IV

Очень полезно описывать любопытные дела, например путешествия, разные изобретения, сражения: тут, что шаг, то новое сведение, поучительное для человека. Но ничего нет бесполезнее и скучнее описаний балов и пирушек: все они выходят на одно и тоже, — как бы выпить да подзакусить поплотнее. Из путешествий, работ и сражений люди выносят знание, пользу, честь и славу; а с пирушек — только похмелье, да иногда еще шишку на лбу.

Но на пирушке кавалера Лаврентьича случилось с героем нашим Сибирлеткой такое собачье обстоятельство, что хошь — не хошь приходится описывать всю пирушку. Нечего делать, опишем со всеми подробностями.

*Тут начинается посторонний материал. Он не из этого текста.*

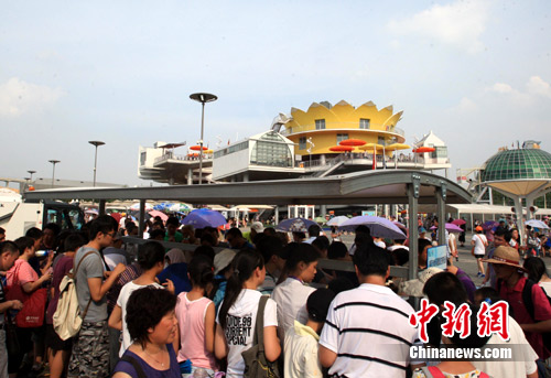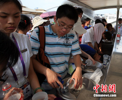 高溫世博園內直飲水吃香。潘索菲 攝

По приглашению имянинника, первый повел атаку «важной позиции» старик-унтер. Поздравив имянинника с двойным праздником, выпил и передал чарку кавалеру-моряку. Моряк поздравил, выпил и передал кавалеру-бомбардиру. В это время фельдшер кряхтел, чихал и совсем затеребил свой сизый нос, в нетерпеливом ожидании своей очереди. Чарка, между тем, перешла к учебному унтеру; учебный на этот раз свострил насчет двух праздников и двух зайцев, — нескладно да ладно — но хоть что-нибудь да вышло, и наконец передал чарку фельдшеру. Как человек ученый, фельдшер приврал к русскому поздравлению латинскую пословицу: бонус винус — людис пьянис! От доктора, говорит, выучился. Потом попросил свою душу: «сторонись душа — оболью!» — выпил, сморщился как-то мудрено: губы съежились с носом, а брови ушли к верху, сошлись с волосами — лоб исчез и один глаз заплакал, а другой зажмурился.

От него чарка пошла далее, по команде. Все поздравляли Лаврентьича: некоторые пили, а некоторые только мочили усы.

В это время, сидевший в углу лоботряс Андрей заплакал, как ребенок. Лаврентьич заботливо допрашивал его — что с ним сталось, не разболелись ли ноги? Но рекрут уверял, что ничего не болит.

i_005.jpg

«Так чего ж ты плачешь?»

«Я рад, дядюшка!» — отвечал Андрей, всхлипывая.

«Небось, водки хошь? А вот я те влеплю шпанскую муху во всю спину, да ляписом в нос! Гляди у меня, мальчишка!» — кричал фельдшер, с трудом ворочая язык во рту, набитом закуской, и потому казалось, будто он говорил в подушку: «рад, так молчи, а людям не мешай заниматься!»

Люди, впрочем, занялись так усердно, что разве только вестовая пушка помешала бы им. Но вестовой пушки на этот раз не случилось, а Облом Иваныч знал свое дело твердо и потому подал на стол сперва мелкие вещи: рыбину, шашлык татарский, да закусочки; а потом рассчитывал пустить в ход главные силы, именно — благодетеля под хреном. Благодетель этот, облитый сметаной с хреном и окруженный буграми хрена, как бруствером, — в полной готовности остывал на столе, перед открытым окном кухни. Сибирлетка, с озабоченной мордой, сновал из комнаты в кухню и обратно и, поглядывая на сокрушительную работу героев, трепетал за кости — его долю пирушки. На печке смиренная кошка жмурилась в какой-то ленивой безнадежности. Крохотный немец выполз в кухню из хозяйской спальни, зная, что солдат всегда прощелкает ему пальцами и языком какой-нибудь марш. Но не до марша теперь! Облом Иваныч стоял на пороге дверей и любовался осадой важной позиции: батарея опустошалась страшно.

И хорошо шло дело, хорошо бы оно и кончилось, если бы сами люди не носили с собой врага своего и не имели бы дурной привычки — делать два дела разом. Так ведь же нет: работают зубы, а нелегкая дернет и за язык.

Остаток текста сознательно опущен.